The term "hydrazino" used herein, either alone or in combination with other radicals, denotes NHNH-, suitably substituted with other radicals, such as alkyl hydrazino, where an alkyl group, as defined above is attached to a hydrazino group.

The term "alkoxyamino" used herein, alone or in combination with other radicals, denotes an alkoxy group, as defined above, attached to an amino group. The term "hydroxyamino" used herein, alone or in combination with other radicals, denotes -NHOH moiety, and may be substituted.

The term "sulfenyl" or "sulfenyl and its derivatives" used herein, alone or in combination with other radicals, denotes a bivalent group, -SO- or R_xSO, where R_x is substituted or unsubstituted alkyl, aryl, heteroaryl, heterocyclyl, and the like.

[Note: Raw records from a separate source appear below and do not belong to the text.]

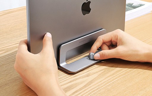 Produkt marki Ugreen pozwala na stabilne i bezpieczne przechowywanie laptopa. Za pomocą pokrętła w szybki i prosty sposób dostosujesz szerokość do grubości laptopa.
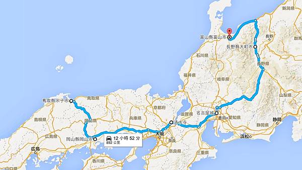 12:25台北/16:00米子空港→米子自動車道→岡山
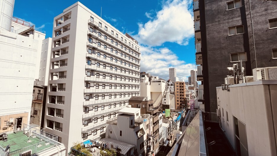 맞은 편 건물의 벽만 보인다.
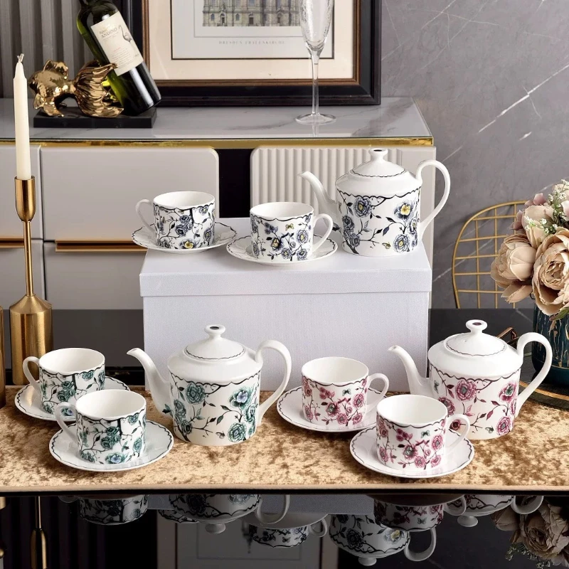 Service à café en porcelaine d'os de luxe léger européen, pot de lait au sucre, ensemble combiné tasse et soucoupe, service à thé de l'après-midi, coffret cadeau.

The term "sulfonyl" or "sulfones and its derivatives" used herein, either alone or in combination with other radicals, with other terms such as alkylsulfonyl, denotes divalent radical -SO₂-, or R_xSO₂-, where R_x is substituted or unsubstituted groups selected from alkyl, aryl, heteroaryl, heterocyclyl, and the like. "Alkylsulfonyl" denotes alkyl radicals, as defined above, attached to a sulfonyl radical, such as methylsulfonyl, ethylsulfonyl, propylsulfonyl and the like. The term "arylsulfonyl" used herein, either alone or in combination with other radicals, denotes aryl radicals, as defined above, attached to a sulfonyl radical, such as phenylsulfonyl and the like.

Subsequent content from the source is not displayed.